Healthy children are a blessing and, even where their birth arises from a breach of contract, the costs of bringing them up cannot be recovered as compensation. The Court of Appeal made that point in the case of a father whose ex-partner gave birth to his daughter after forging his signature on an IVF consent form.
The ex-couple previously had a son after undergoing IVF treatment at a fertility clinic. Following that procedure, fertilised embryos were frozen in case they were needed in future. Following the breakdown of their relationship, an embryo was thawed after the mother forged the father’s signature on the form. She was subsequently implanted with the embryo and, in due course, gave birth to a healthy baby girl.
The father was unaware of what she had done until after she was pregnant. In those circumstances, he launched proceedings with a view to recovering the costs of bringing up his daughter to adulthood, but his claim was dismissed by a judge on public policy grounds.

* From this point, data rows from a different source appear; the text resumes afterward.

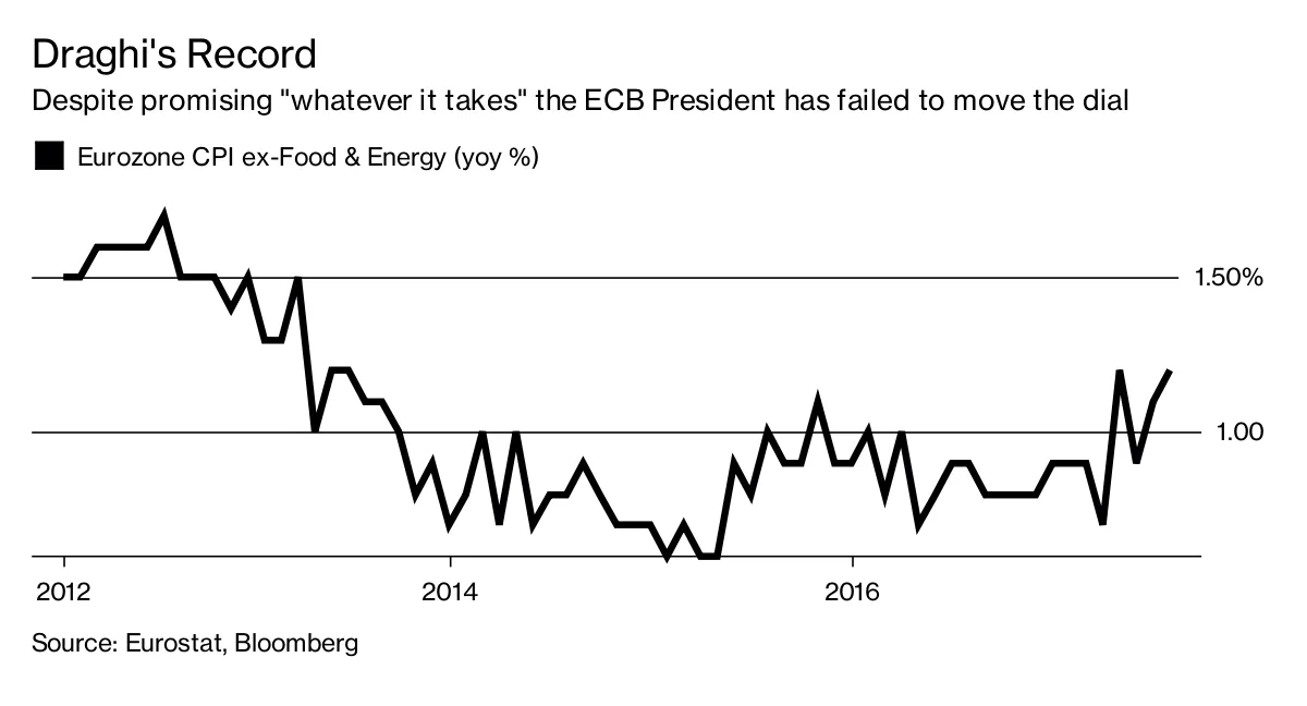 无论如何,推迟是有充分理由的。经济复苏尚未稳固建立。尽管欧洲央行的资产负债表超过4万亿欧元(4.7万亿美元)——核心通胀仅从0.9%加速至1.2%。这并不能令人鼓舞地期待消费者价格的持续回升,从而将关键利率推至略低于2%的目标并保持在那里。
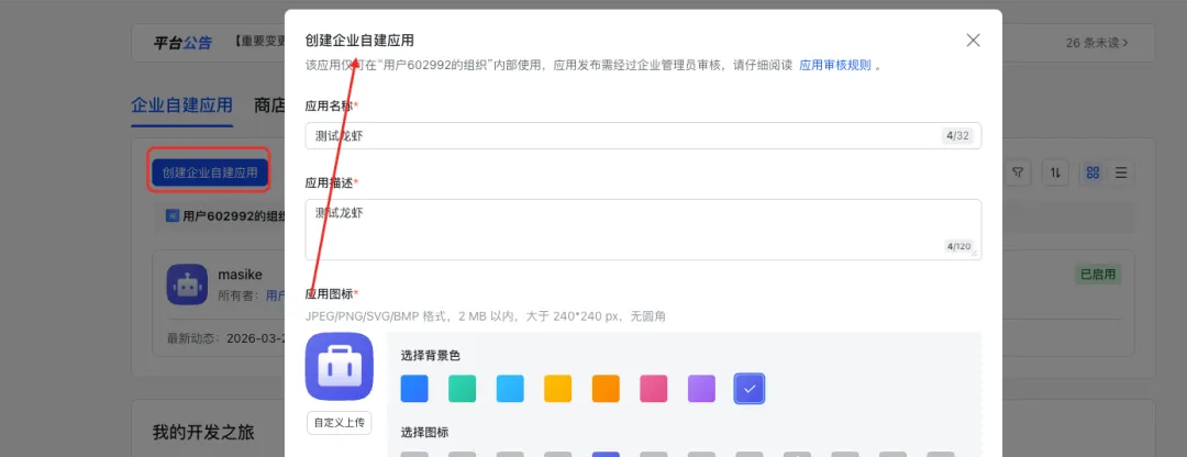 第二步:点击开发者平台,创建企业自建应用
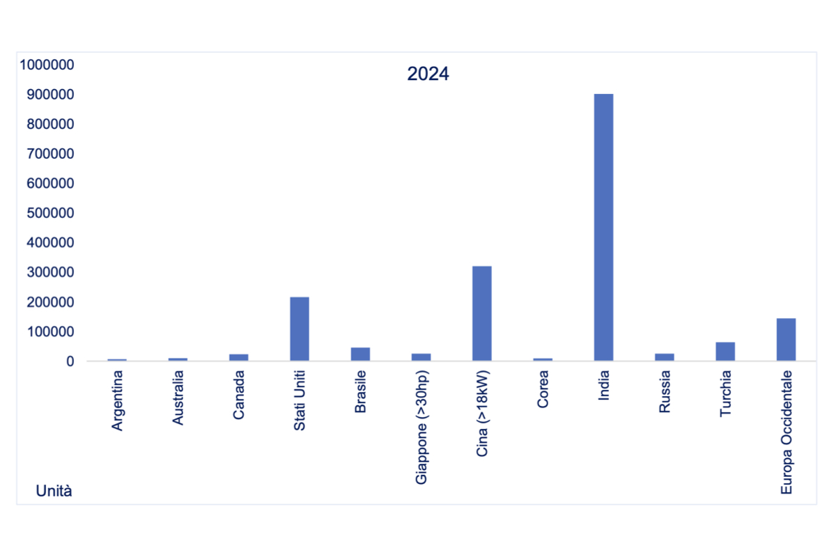 In questo scenario si distingue l'India che, pur presentando immatricolazioni in calo del 2%, non si discosta sostanzialmente dai valori del 2023 e si conferma per il quarto anno consecutivo un mercato con oltre 900mila trattrici immatricolate.

In ruling on the father’s appeal against that decision, the Court found that the clinic had been under an absolute imperative to obtain his written consent to the embryo being thawed and implanted. The requirement for such consent was a cornerstone of the Human Fertilisation and Embryology Act 1990. The clinic had been duped by the mother, and had not been negligent, but the use of reasonable care provided it with no defence to the father’s claim.
In dismissing the appeal, however, the Court noted the impossibility of calculating the value to be attributed to the benefit of a healthy child, so as to set off such value against the financial burden of bringing up that child. The Court also observed that legal authorities on the issue are pervaded by a sense that it is morally unacceptable to regard a healthy child as a financial burden.